**Task details:** Return the data exactly, with all pictures removed.

**Material provided:**
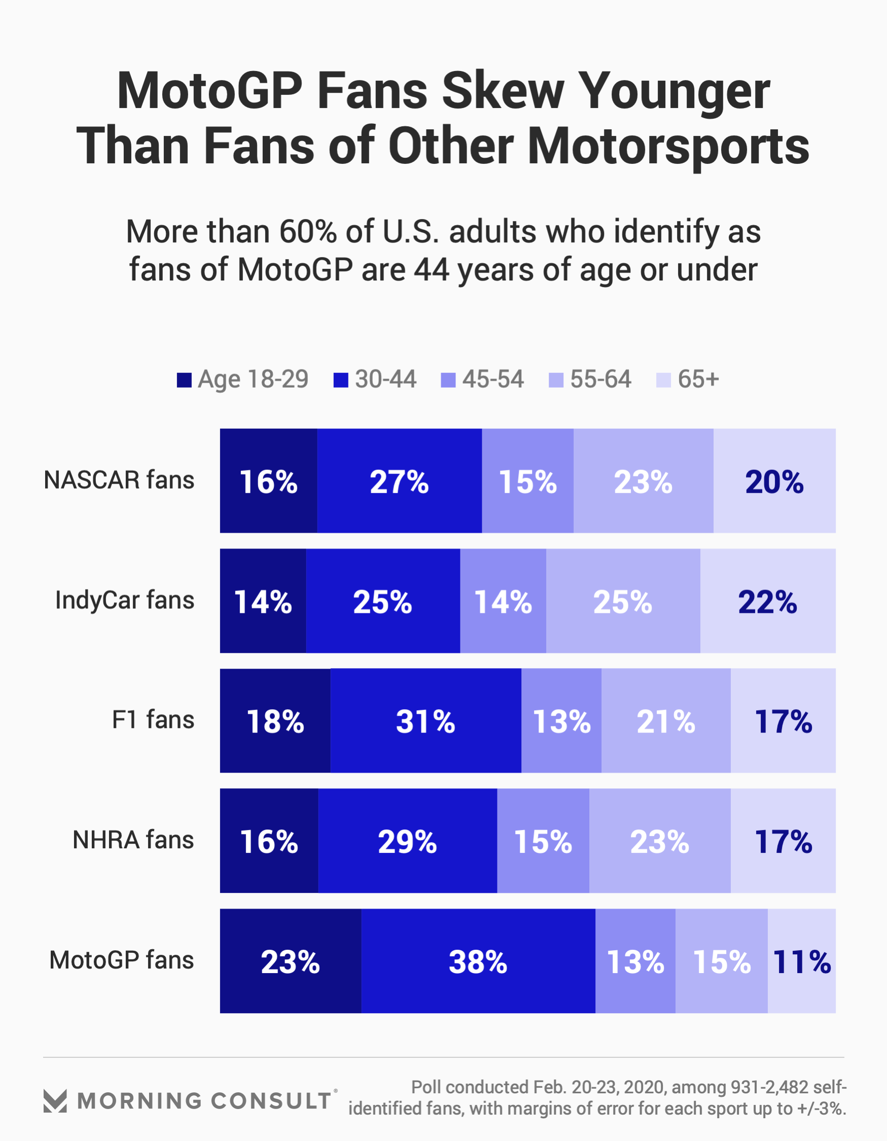 According to a survey of racing fans conducted in February, U.S. adults who identify as fans of MotoGP skew considerably younger than those who follow other top motorsports competitions in the U.S., such as NASCAR and IndyCar. Sixty-one percent of MotoGP fans are under the age of 45. By comparison, that age group makes up 49 percent of Formula 1 fans, 45 percent for the National Hot Rod Association, 43 percent for NASCAR and 39 percent for IndyCar.
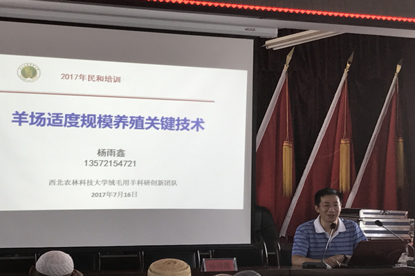 杨雨鑫老师参与了西北农林科技大学绒山羊科研创新,有着丰富的实践经验。他通过对比陕西榆林与当地的自然条件,将陕西榆林家庭适度规模养殖的经验介绍给当地的农户。首先他从羊产业发展的基础与方向介绍了羊产业发展的特征、布局和发展理念,并从品种利用、关键技术、经营管理、市场价格等方面的问题做了说明,指出目前来说适度规模家庭羊场养种一体化经营前景广阔,适合农户发展。同时他也对适度规模家庭羊场养种一体化经营做了详细介绍,这种养殖模式有六大特点:1.家庭养种循环系统2.为养而种,引进良种饲草3.为养而种,水肥配套4.机械配套,草料加工5.家庭养殖,棚圈配套6.农户育种,对羔母羊。
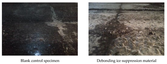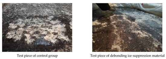 To further verify this conclusion, this paper conducts a simulation test on the deicing effect of the test piece after the trolley is rolled and worn. At −30 °C, an ice layer with a thickness of 4mm is formed on the surface of the test piece by sprinkling water, and then the trolley started to roll. After 400 times of round trip rolling, the wheel track belt on the surface of the test piece sprayed with debonding ice suppression material breaks, and the wheel track belt exposes the surface of the test piece, while the wheel track belt of the blank group test piece has almost no change. As shown in Figure 10, the rolling wear of the trolley has little influence on the deicing effect of the debonding ice suppression material.
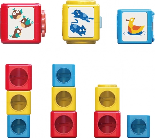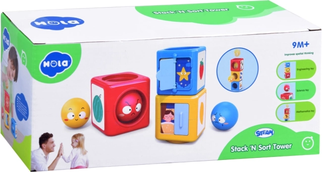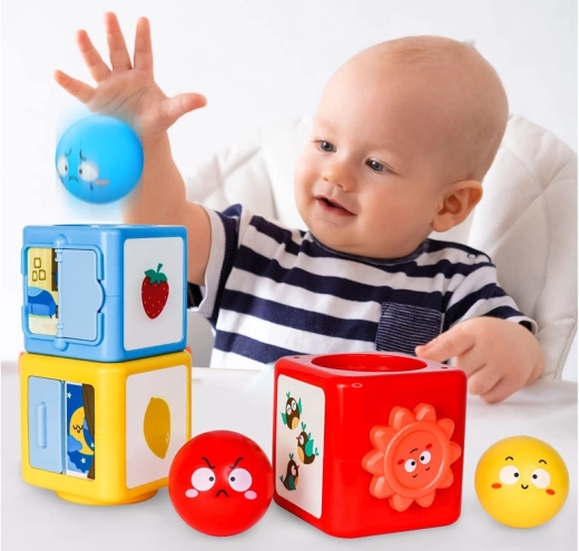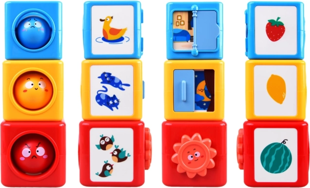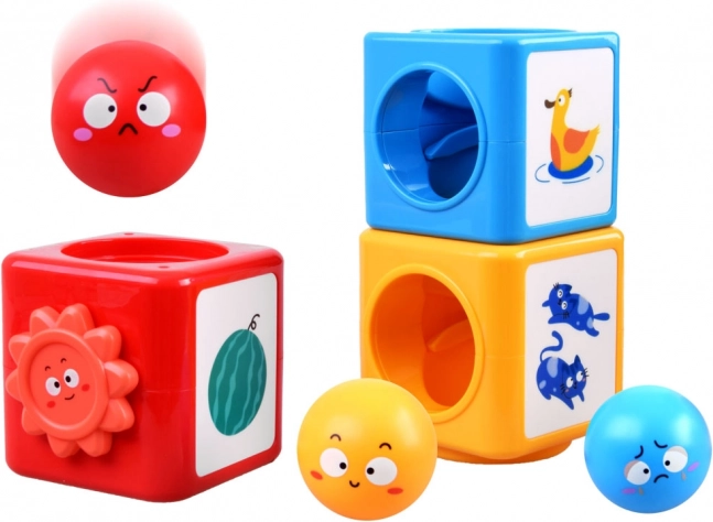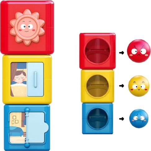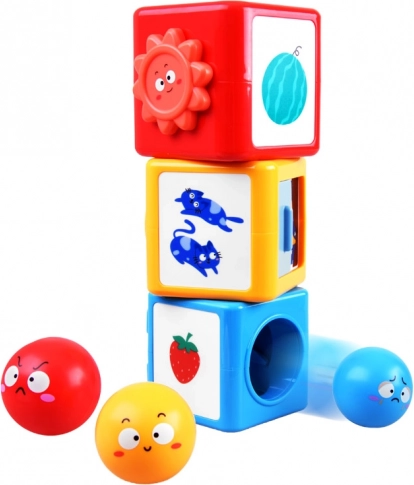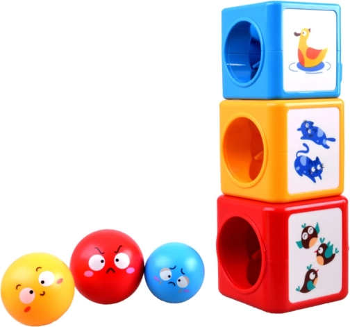 In deze kleurrijke bouwset vind je ballen en blokken die kunnen worden gestapeld en gesorteerd. Het speelgoed leert kinderen kleuren herkennen, emoties onderscheiden en de wereld om hen heen verkennen door middel van spel. Het speelgoed helpt bij het ontwikkelen van ruimtelijk denken, analytische vaardigheden en fijne motoriek.

**Result of this exercise:**
 According to a survey of racing fans conducted in February, U.S. adults who identify as fans of MotoGP skew considerably younger than those who follow other top motorsports competitions in the U.S., such as NASCAR and IndyCar. Sixty-one percent of MotoGP fans are under the age of 45. By comparison, that age group makes up 49 percent of Formula 1 fans, 45 percent for the National Hot Rod Association, 43 percent for NASCAR and 39 percent for IndyCar.
 杨雨鑫老师参与了西北农林科技大学绒山羊科研创新,有着丰富的实践经验。他通过对比陕西榆林与当地的自然条件,将陕西榆林家庭适度规模养殖的经验介绍给当地的农户。首先他从羊产业发展的基础与方向介绍了羊产业发展的特征、布局和发展理念,并从品种利用、关键技术、经营管理、市场价格等方面的问题做了说明,指出目前来说适度规模家庭羊场养种一体化经营前景广阔,适合农户发展。同时他也对适度规模家庭羊场养种一体化经营做了详细介绍,这种养殖模式有六大特点:1.家庭养种循环系统2.为养而种,引进良种饲草3.为养而种,水肥配套4.机械配套,草料加工5.家庭养殖,棚圈配套6.农户育种,对羔母羊。
 To further verify this conclusion, this paper conducts a simulation test on the deicing effect of the test piece after the trolley is rolled and worn. At −30 °C, an ice layer with a thickness of 4mm is formed on the surface of the test piece by sprinkling water, and then the trolley started to roll. After 400 times of round trip rolling, the wheel track belt on the surface of the test piece sprayed with debonding ice suppression material breaks, and the wheel track belt exposes the surface of the test piece, while the wheel track belt of the blank group test piece has almost no change. As shown in Figure 10, the rolling wear of the trolley has little influence on the deicing effect of the debonding ice suppression material.
 In deze kleurrijke bouwset vind je ballen en blokken die kunnen worden gestapeld en gesorteerd. Het speelgoed leert kinderen kleuren herkennen, emoties onderscheiden en de wereld om hen heen verkennen door middel van spel. Het speelgoed helpt bij het ontwikkelen van ruimtelijk denken, analytische vaardigheden en fijne motoriek.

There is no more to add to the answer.